**Task description**
As the output, give exactly the lines that run from the one with "L’avenir des mangroves" through the end of the records below, and omit pictures.

══════

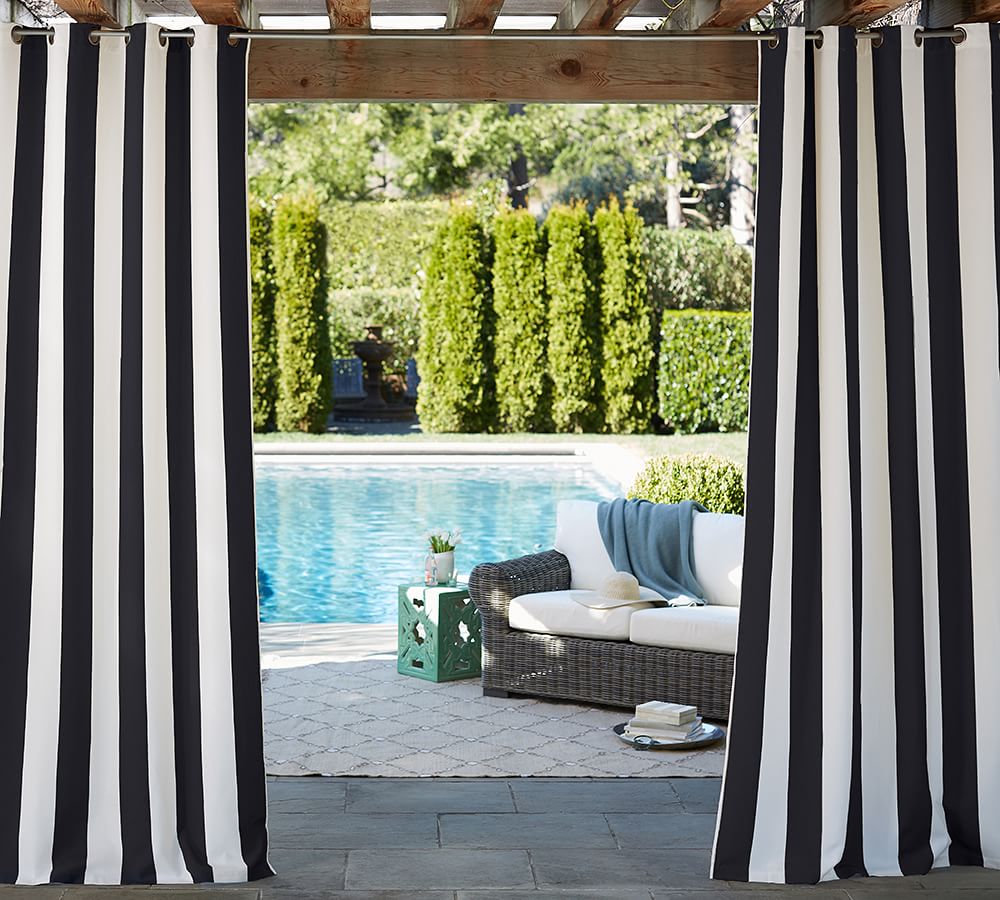 | Open Box: Sunbrella Awning Stripe Outdoor Grommet Curtain, 50" x 108" - Black | No Longer Available |
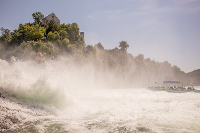 Fährt man über Jestetten zum Rheinfall, liegt auf einer Strecke von gut 20 km die Schweiz nicht nur, wie sonst, im Süden des deutschen Territoriums, sondern auch im Norden. Weit ausbauchend, zipfelt der Kanton Schaffhausen nördlich bis an den Breitengrad des Schluchsees. Den kuriosen Grenzverlauf musste die Stadt Schaffhausen 1944 als irrtümliches Ziel eines amerikanischen Bomberangriffs bitter erfahren. Historisch profitierte das ums Jahr 1000 gegründete Schaffhausen vom Warentransport der Schiffe, die hier umladen mussten. War der Rheinfall einst ein einkömmliches Hindernis, wurde er ab dem 19. Jh. zum touristischen Besuchermagneten. Auch dies nicht zum Nachteil Schaffhausens, obwohl der "Rhyfall", wie er schwyzerdütsch heißt, 2,5 km flussabwärts auf dem Gebiet der Nachbargemeinde Neuhausen liegt. Gleichwie: Erst vor 15.000 Jahren in der Würmeiszeit entstanden, jagen sommers pro Sekunde 600.000 l Wasser über die 23 m hohe, 150 m breite Klippe.
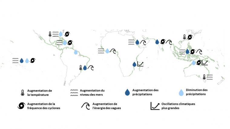 L’avenir des mangroves sera également conditionné par le changement climatique dont l’ampleur et les conséquences vont continuer de s’intensifier. Ses effets sur les mangroves sont multiples, et parfois antagonistes.
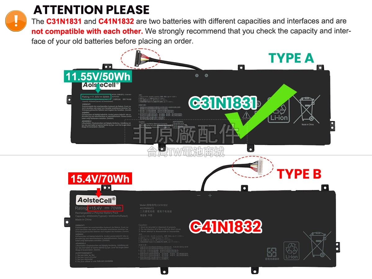 台灣TW電池商城售賣的所有電池均為100%真實容量,我們絕不會在參數上造假。對於製造商提供的每一款電池,我們都會安排技術人員進行參數測試,以確保我們售賣的電池都符合各種認證的要求、100%安全和100%兼容對應的筆記型電腦。極少數情況下,電池參數表上的容量會比電池實物圖上的容量低,這是因為我們檢測時發現製造商給出的電池容量偏高,與電池實際容量不符。於是我們會把電池的實際容量準確地填寫在參數表上,讓顧客直接看到電池的真實容量!這款Asus P3540FB電池和原廠有什麼區別?
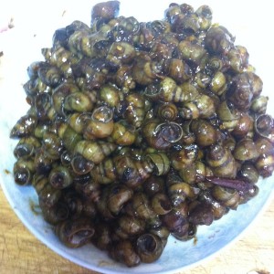 放入田螺翻炒,把田螺全部炒均匀然后放入半小碗水,放入盐,味精,鸡精,香油,翻炒均匀,盖上锅盖改小火收汤至三分之一。

══════

**Response to this exercise**
 L’avenir des mangroves sera également conditionné par le changement climatique dont l’ampleur et les conséquences vont continuer de s’intensifier. Ses effets sur les mangroves sont multiples, et parfois antagonistes.
 台灣TW電池商城售賣的所有電池均為100%真實容量,我們絕不會在參數上造假。對於製造商提供的每一款電池,我們都會安排技術人員進行參數測試,以確保我們售賣的電池都符合各種認證的要求、100%安全和100%兼容對應的筆記型電腦。極少數情況下,電池參數表上的容量會比電池實物圖上的容量低,這是因為我們檢測時發現製造商給出的電池容量偏高,與電池實際容量不符。於是我們會把電池的實際容量準確地填寫在參數表上,讓顧客直接看到電池的真實容量!這款Asus P3540FB電池和原廠有什麼區別?
 放入田螺翻炒,把田螺全部炒均匀然后放入半小碗水,放入盐,味精,鸡精,香油,翻炒均匀,盖上锅盖改小火收汤至三分之一。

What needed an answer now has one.